Exercise
Through the line with "USD/JPY found a" and starting from the first line, return the records below word for word, with pictures left out.

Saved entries
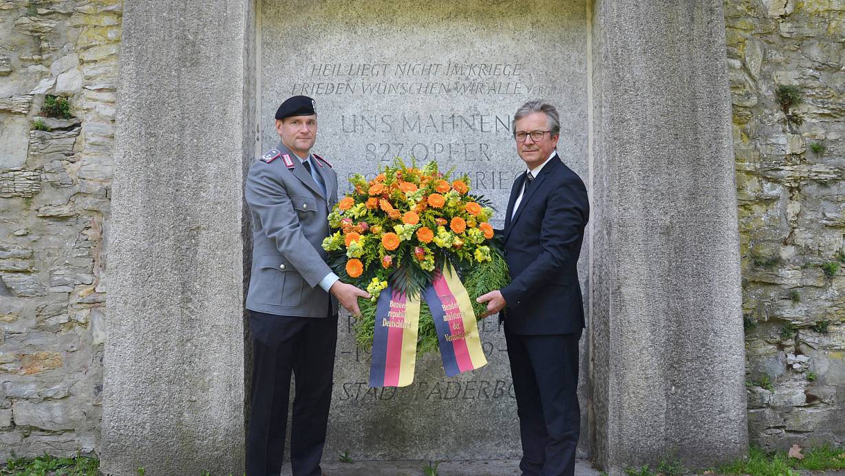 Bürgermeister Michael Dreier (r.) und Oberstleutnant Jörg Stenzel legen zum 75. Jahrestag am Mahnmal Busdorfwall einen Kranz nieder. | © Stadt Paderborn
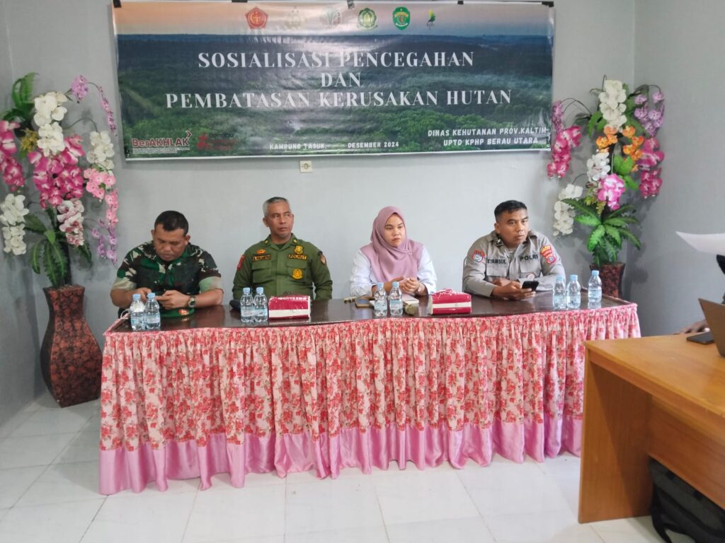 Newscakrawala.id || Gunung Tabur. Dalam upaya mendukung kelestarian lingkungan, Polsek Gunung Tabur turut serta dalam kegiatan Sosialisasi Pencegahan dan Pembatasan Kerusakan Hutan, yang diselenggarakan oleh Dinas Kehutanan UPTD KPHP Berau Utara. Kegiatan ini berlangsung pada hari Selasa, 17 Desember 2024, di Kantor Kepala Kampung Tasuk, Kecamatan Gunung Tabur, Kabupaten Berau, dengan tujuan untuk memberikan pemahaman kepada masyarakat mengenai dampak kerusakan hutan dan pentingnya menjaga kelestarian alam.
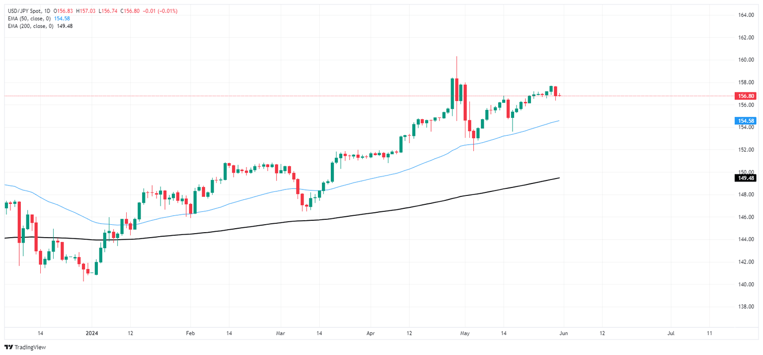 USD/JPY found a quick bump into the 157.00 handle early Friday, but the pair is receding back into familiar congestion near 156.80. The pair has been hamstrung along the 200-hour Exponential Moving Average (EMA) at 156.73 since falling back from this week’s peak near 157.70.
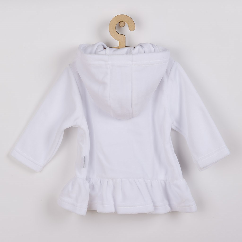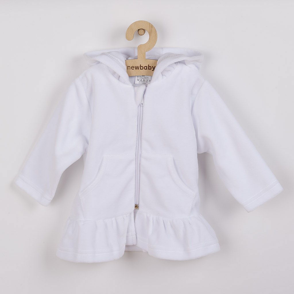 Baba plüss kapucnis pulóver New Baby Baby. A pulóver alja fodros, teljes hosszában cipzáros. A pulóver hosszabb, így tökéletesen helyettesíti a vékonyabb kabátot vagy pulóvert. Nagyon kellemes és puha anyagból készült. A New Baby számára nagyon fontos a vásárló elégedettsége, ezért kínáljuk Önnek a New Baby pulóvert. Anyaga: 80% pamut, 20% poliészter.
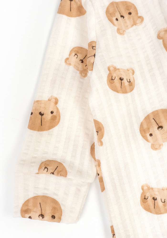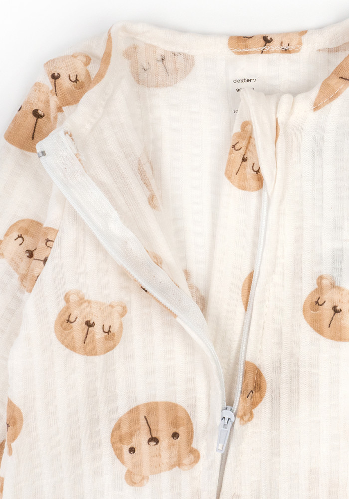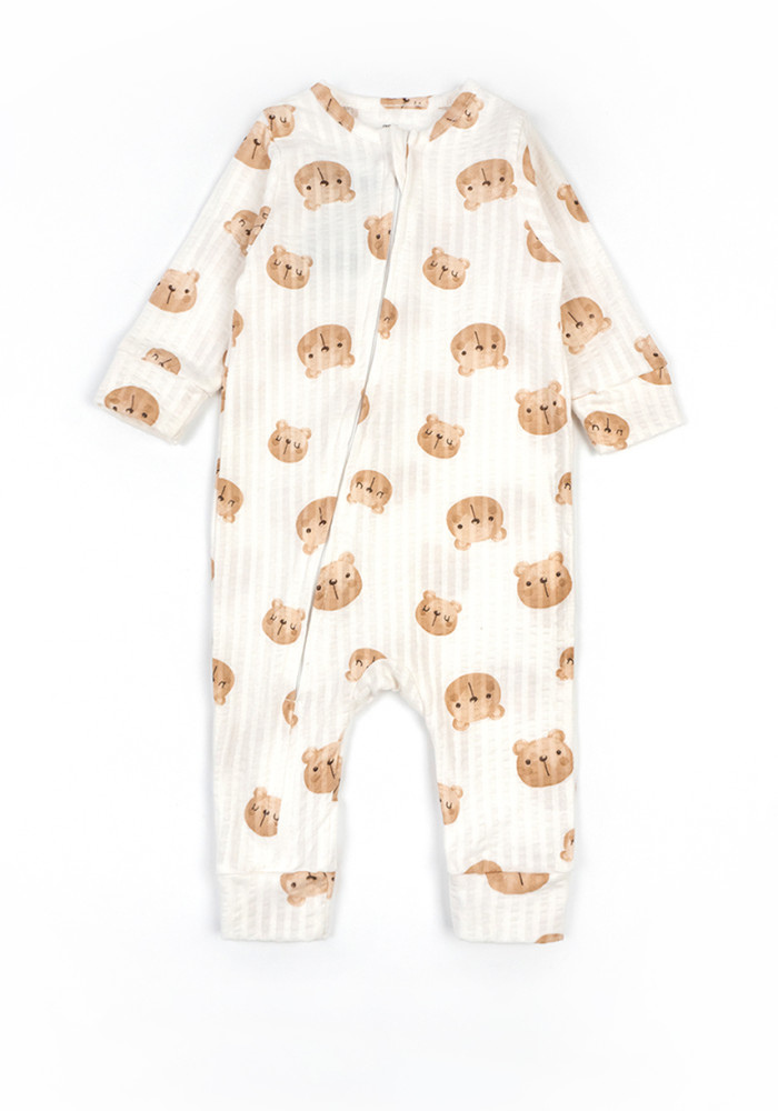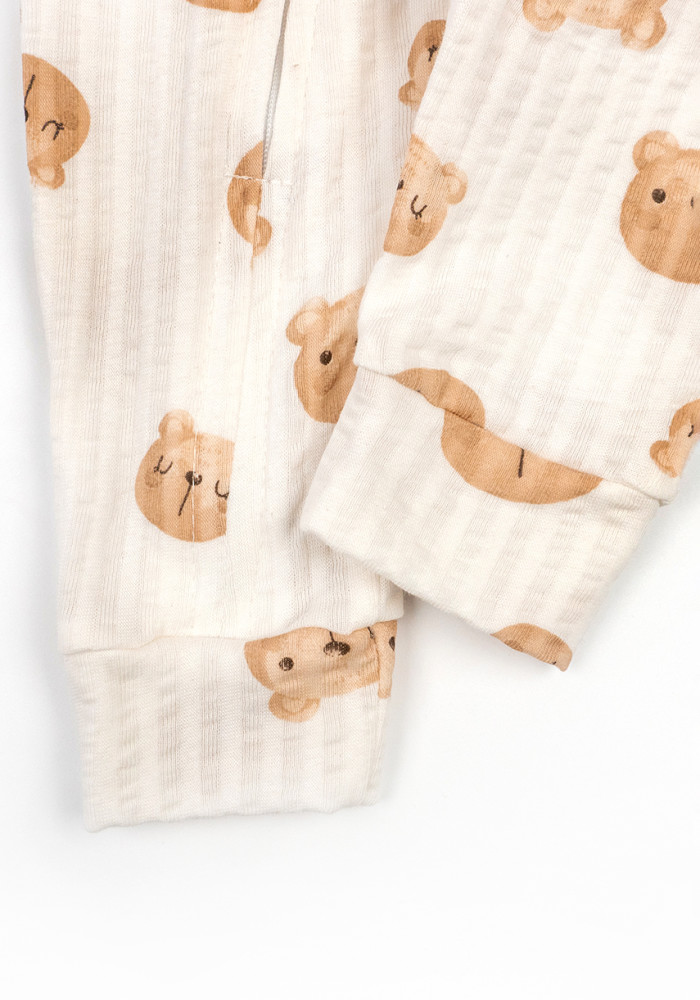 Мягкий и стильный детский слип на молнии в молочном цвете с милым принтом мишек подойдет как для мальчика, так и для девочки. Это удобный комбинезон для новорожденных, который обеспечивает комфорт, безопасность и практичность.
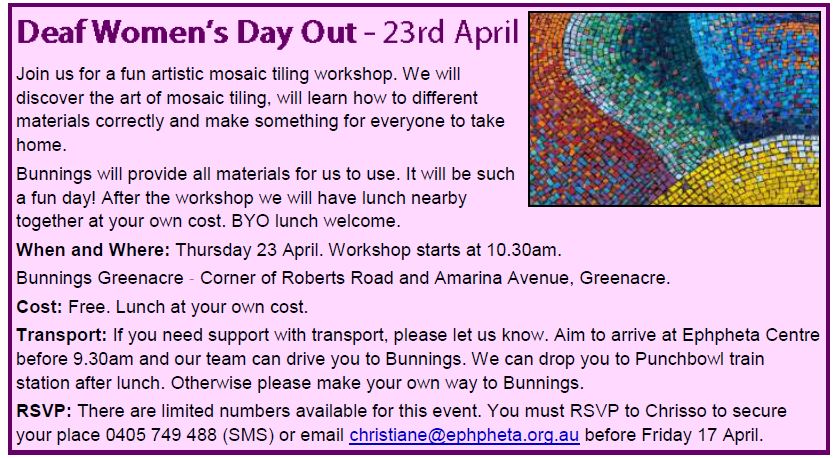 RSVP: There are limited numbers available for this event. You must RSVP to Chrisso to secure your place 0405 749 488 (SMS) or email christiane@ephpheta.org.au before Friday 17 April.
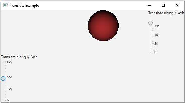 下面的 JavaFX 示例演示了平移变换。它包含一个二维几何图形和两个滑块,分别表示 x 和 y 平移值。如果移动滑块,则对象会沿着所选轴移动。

Response
 Bürgermeister Michael Dreier (r.) und Oberstleutnant Jörg Stenzel legen zum 75. Jahrestag am Mahnmal Busdorfwall einen Kranz nieder. | © Stadt Paderborn
 Newscakrawala.id || Gunung Tabur. Dalam upaya mendukung kelestarian lingkungan, Polsek Gunung Tabur turut serta dalam kegiatan Sosialisasi Pencegahan dan Pembatasan Kerusakan Hutan, yang diselenggarakan oleh Dinas Kehutanan UPTD KPHP Berau Utara. Kegiatan ini berlangsung pada hari Selasa, 17 Desember 2024, di Kantor Kepala Kampung Tasuk, Kecamatan Gunung Tabur, Kabupaten Berau, dengan tujuan untuk memberikan pemahaman kepada masyarakat mengenai dampak kerusakan hutan dan pentingnya menjaga kelestarian alam.
 USD/JPY found a quick bump into the 157.00 handle early Friday, but the pair is receding back into familiar congestion near 156.80. The pair has been hamstrung along the 200-hour Exponential Moving Average (EMA) at 156.73 since falling back from this week’s peak near 157.70.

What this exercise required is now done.